EEG phase entropy distinguishes conscious from unconscious brain states with high accuracy
Researchers used permutation entropy on EEG phase dynamics to classify consciousness levels, but ADHD detection remains elusive.
In this study, published in Chaos, Solitons and Fractals and available on arXiv, researchers from Korea and the US applied permutation entropy analysis to EEG phase dynamics, focusing on the principal mode reflecting anterior-posterior information flow. They analyzed two datasets: one from a general anesthesia protocol (conscious vs. unconscious) and one from resting-state EEG of healthy controls and individuals with inattentive-type ADHD under eyes-open and eyes-closed conditions.
The results showed that permutation entropy distributions reliably distinguish conscious from unconscious states in the anesthesia dataset, and eyes-open from eyes-closed in the resting-state dataset. However, the method failed to achieve clear separability between control and ADHD groups, indicating that additional features — such as original time-series values — may be necessary for detecting inattentive-type ADHD. The study demonstrates both the power and limitations of ordinal pattern analysis for brain state classification.

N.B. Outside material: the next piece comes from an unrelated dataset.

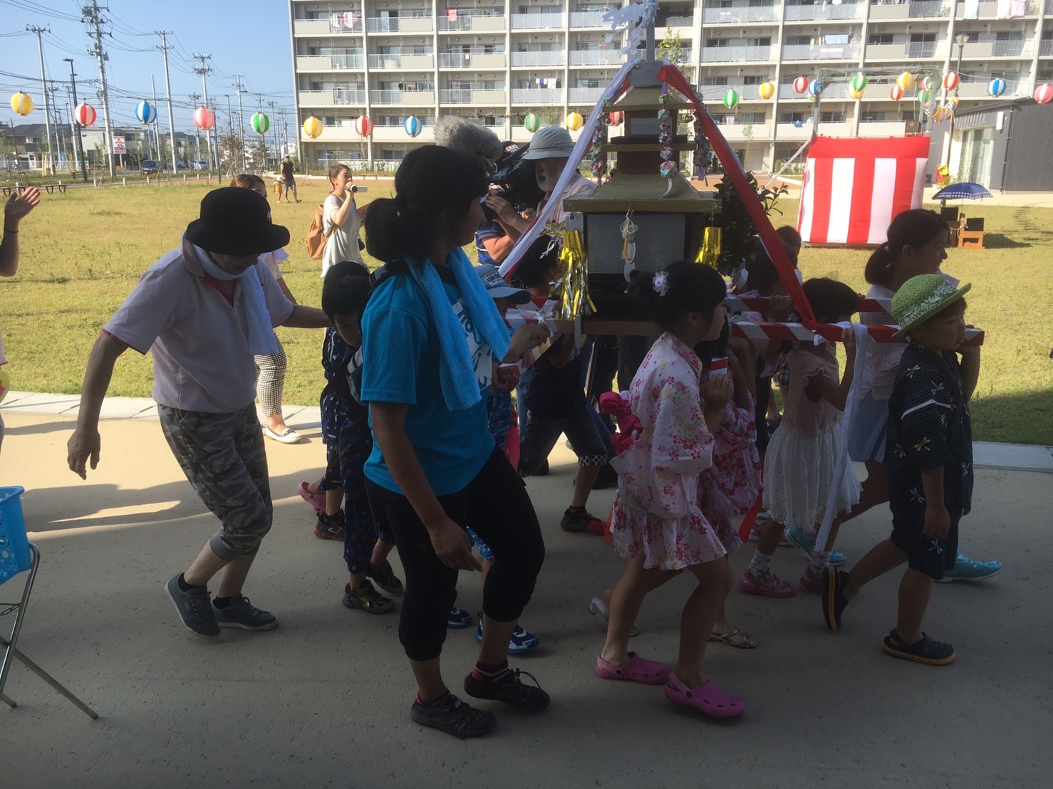 地元のおじいさん手作りの御輿を担いだ子供たちが、「わっしょい!わっしょい!」と元気よく復興公営住宅の周りを一周しました。

- Permutation entropy of EEG phase dynamics distinguishes conscious from unconscious states with high reliability in general anesthesia data.
- Eyes-open and eyes-closed resting-state conditions are separable using the same method.
- Classification between healthy controls and inattentive-type ADHD patients shows no clear separability with permutation entropy alone.
Why It Matters
This work could improve anesthesia monitoring and deepen understanding of consciousness, while highlighting EEG analysis limits for ADHD diagnosis.